Did a nifty change in QStateMachine yesterday: QStateMachine now inherits QState. QStateMachine::rootState() is gone; the state machine now is the root state. This allowed us to remove a fair amount of code and API from QStateMachine; most importantly, it makes application code nicer, as you can do
new QState(machine) to create a top-level state, instead of the old new
QState(machine->rootState()) (whee, that's something we've wanted since day one!). Other than that, behavior and source compatibility is preserved.
An interesting question is... What should QState::machine() return when the state is a state machine? Itself?
Nope, it doesn't. We now support embedding state machines within other state machines. If the parent of the state machine is a QState, machine() will return the machine of the parent state.

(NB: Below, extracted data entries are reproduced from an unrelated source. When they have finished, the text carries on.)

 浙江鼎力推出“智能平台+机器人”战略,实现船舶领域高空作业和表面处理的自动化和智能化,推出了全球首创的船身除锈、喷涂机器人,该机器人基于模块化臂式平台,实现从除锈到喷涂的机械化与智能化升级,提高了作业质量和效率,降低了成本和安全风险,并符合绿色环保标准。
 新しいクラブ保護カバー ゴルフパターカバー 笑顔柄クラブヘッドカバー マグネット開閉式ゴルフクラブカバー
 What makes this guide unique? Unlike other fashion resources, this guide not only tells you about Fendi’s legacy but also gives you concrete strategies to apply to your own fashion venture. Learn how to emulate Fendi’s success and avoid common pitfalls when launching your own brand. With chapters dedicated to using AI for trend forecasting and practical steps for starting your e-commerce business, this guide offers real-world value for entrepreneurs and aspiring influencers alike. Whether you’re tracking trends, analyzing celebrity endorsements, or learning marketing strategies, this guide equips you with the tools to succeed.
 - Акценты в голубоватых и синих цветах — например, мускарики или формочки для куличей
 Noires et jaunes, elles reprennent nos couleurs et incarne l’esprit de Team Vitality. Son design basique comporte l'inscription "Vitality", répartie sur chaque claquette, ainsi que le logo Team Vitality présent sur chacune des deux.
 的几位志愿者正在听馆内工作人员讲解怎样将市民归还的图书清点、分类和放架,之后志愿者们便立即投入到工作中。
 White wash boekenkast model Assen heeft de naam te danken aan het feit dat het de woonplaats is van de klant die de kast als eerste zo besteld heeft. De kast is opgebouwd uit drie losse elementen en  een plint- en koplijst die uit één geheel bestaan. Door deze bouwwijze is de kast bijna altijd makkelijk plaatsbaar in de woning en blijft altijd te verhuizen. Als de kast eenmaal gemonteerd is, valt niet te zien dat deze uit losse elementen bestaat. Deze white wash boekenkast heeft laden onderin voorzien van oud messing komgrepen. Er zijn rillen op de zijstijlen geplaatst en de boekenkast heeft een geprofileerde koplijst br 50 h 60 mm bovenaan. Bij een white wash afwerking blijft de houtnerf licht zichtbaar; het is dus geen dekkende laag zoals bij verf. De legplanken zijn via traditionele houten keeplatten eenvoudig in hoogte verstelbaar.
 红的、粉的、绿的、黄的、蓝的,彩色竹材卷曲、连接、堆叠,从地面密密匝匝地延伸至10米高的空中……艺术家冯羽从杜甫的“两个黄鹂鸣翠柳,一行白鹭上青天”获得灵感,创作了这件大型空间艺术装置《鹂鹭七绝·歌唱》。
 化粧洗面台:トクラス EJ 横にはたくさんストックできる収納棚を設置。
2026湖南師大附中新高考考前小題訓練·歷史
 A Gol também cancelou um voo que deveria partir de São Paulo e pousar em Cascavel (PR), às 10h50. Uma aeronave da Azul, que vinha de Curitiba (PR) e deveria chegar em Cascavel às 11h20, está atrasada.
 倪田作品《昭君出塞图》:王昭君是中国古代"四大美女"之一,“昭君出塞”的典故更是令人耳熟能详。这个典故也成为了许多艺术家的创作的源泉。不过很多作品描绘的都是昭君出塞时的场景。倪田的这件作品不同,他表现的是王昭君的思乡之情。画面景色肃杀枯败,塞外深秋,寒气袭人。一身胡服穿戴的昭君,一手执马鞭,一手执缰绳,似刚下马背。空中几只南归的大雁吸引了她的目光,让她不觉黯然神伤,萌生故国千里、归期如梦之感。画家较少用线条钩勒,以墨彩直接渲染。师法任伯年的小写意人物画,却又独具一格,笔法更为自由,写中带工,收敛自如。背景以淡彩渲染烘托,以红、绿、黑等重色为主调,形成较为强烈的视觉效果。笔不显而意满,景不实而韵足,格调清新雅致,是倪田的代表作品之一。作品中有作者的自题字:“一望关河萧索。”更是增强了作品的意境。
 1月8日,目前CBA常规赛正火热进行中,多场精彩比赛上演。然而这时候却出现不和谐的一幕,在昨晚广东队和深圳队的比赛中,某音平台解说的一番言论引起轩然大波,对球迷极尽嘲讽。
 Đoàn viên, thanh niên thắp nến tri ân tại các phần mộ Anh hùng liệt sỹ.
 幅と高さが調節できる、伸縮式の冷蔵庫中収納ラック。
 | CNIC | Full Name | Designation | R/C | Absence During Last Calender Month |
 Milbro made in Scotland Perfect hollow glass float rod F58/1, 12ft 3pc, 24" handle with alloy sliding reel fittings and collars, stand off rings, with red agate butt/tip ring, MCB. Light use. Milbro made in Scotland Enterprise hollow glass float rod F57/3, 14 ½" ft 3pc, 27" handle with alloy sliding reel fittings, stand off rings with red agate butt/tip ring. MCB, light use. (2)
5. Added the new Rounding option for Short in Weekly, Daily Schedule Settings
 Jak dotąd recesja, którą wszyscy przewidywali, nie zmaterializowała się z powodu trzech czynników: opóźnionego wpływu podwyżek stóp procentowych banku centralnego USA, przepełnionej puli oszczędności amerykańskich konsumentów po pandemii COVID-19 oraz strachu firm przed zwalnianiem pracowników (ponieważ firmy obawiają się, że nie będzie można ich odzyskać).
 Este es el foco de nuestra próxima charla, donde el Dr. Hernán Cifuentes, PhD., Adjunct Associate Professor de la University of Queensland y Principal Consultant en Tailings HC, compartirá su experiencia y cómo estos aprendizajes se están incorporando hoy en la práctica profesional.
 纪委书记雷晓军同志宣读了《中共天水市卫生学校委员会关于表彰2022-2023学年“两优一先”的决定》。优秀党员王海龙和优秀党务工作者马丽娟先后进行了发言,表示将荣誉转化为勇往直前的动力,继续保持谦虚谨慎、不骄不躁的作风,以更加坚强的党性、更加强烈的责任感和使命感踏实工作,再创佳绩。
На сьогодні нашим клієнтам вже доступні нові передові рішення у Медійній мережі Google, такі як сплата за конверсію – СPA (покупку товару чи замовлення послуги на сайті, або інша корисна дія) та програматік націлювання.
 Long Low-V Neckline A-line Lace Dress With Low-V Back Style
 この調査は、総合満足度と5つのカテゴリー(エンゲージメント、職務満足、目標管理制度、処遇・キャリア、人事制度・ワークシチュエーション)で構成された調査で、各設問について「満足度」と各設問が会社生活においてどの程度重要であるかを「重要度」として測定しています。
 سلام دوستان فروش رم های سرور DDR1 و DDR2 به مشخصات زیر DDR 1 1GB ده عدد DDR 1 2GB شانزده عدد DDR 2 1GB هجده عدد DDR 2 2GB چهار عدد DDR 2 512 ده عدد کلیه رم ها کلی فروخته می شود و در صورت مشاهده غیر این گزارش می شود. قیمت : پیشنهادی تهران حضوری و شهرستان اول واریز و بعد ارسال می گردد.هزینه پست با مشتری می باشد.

When a QStateMachine is a child state of another QState, the ancestor state machine will treat the nested machine as an atomic state in the state machine algorithm; effectively, the nested machine is treated as a black box. QStateMachine reimplements QState::onEntry() and calls start(), so that when a nested state machine is entered, it will automatically start running. The nested machine is self-contained; it maintains its own event queue and so on. Of course, you can't have transitions from states in the nested machine to states in the parent machine; you'll have to use e.g. the nested machine's finished() signal to trigger a transition from the nested machine to another state in the parent machine (since the nested machine is a state of the parent machine, and not of itself). Well, that should go without saying.
OK, so we haven't found a use case yet where you'd rather use nested state machines with separate event loops and all instead of just using normal group states within a single machine, where all states can be directly connected by transitions (maybe you can think of a scenario?). But a) it's neat, and b) it works. As always, these qualities take presedence over any purported absence of use cases.
The documentation for QState still says that "the QState class provides a general-purpose state for QStateMachine". Seeing as QStateMachine itself is now a QState, this begs the question: Who is really providing what for whom, to what end, and why?